# 10 Reasons why your dog's haircut costs more than yours



## atsilvers27 (Jul 5, 2011)

I thought this was cute, and soooooooo right! Anyone else who is a groomer will totally understand!



10 Reasons why your dog’s haircut cost more than yours! 

You don’t go for 8 weeks and NEVER wash or brush your hair.

Your hairdresser doesn’t have to CARRY you back and forth, kicking and screaming to the sink.

Your hairdresser doesn’t wash and clean your rear end and give you a sanitary trim!

Your hairdresser doesn’t clean your ears!

Your hairdresser doesn’t have to remove the boogies from your eyes. You sit still.

You don’t bite & scratch your hairdresser.

Your hair cut doesn’t include a manicure and pedicure.

Your hairdresser only washes and cuts hair on your head!

You don’t decide to do an Operatic Solo at the top of your lungs and encourage all other patrons to join in!

The likelihood of you peeing or pooping while your hair is being cut is slim.


----------



## HavaneseSoon (Nov 4, 2008)

That's great! Anyone have any additions to add to this one. 

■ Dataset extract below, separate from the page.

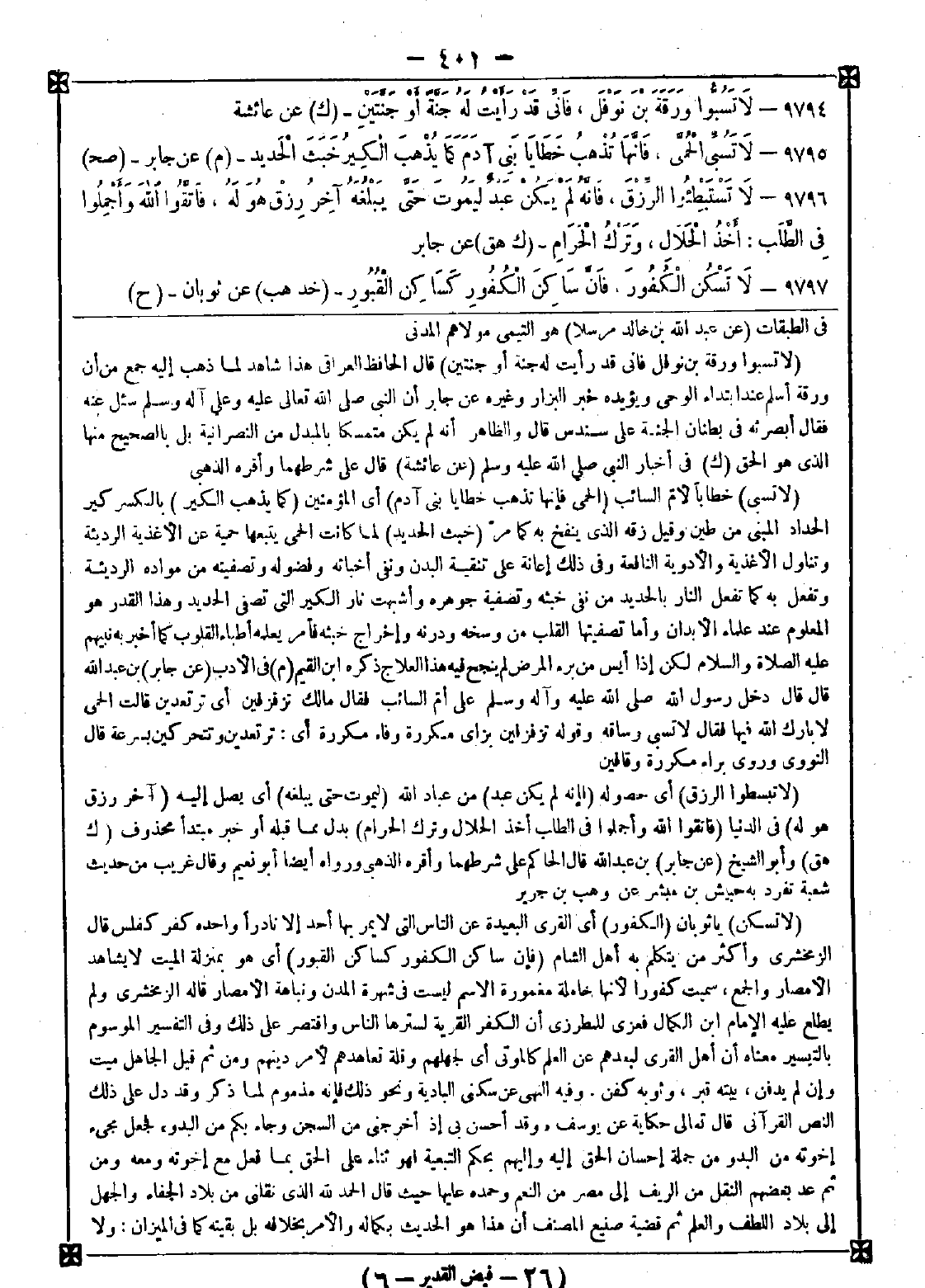 9794 - (لا تسبوا ورقة بن نوفل فإني قد رأيت له جنة أو جنتين) قال الحافظ العراقي: هذا شاهد لما ذهب إليه جمع من أن ورقة أسلم عند ابتداء الوحي ويؤيده خبر البزار وغيره عن جابر أن النبي صلى الله تعالى عليه وعلى آله وسلم سئل عنه فقال: أبصرته في بطنان الجنة على سندس قال: والظاهر أنه لم يكن متمسكا بالمبدل من النصرانية بل بالصحيح منها الذي هو الحق

One that I can think of...is The groomer DOES NOT have hours to demat a dog. Time is Money!


----------



## whimsy (Apr 3, 2010)

Very good!! LOL


----------



## motherslittlehelper (Mar 18, 2010)

That was great! :biggrin1:


----------



## gelbergirl (Jun 9, 2007)

* At the end of the session, no one asks "was she good?"


----------



## Diann (Apr 25, 2011)

Oh this is so very, very funny! Thank you for sharing! Priceless!!!


----------



## irnfit (Nov 21, 2006)

ound:


----------



## inlovewithhav (Feb 18, 2011)

gelbergirl said:


> * At the end of the session, no one asks "was she good?"


I don't know I ask that whenever my son gets a hair cut ound:


----------



## Kalico (Jan 11, 2012)

Lol!


----------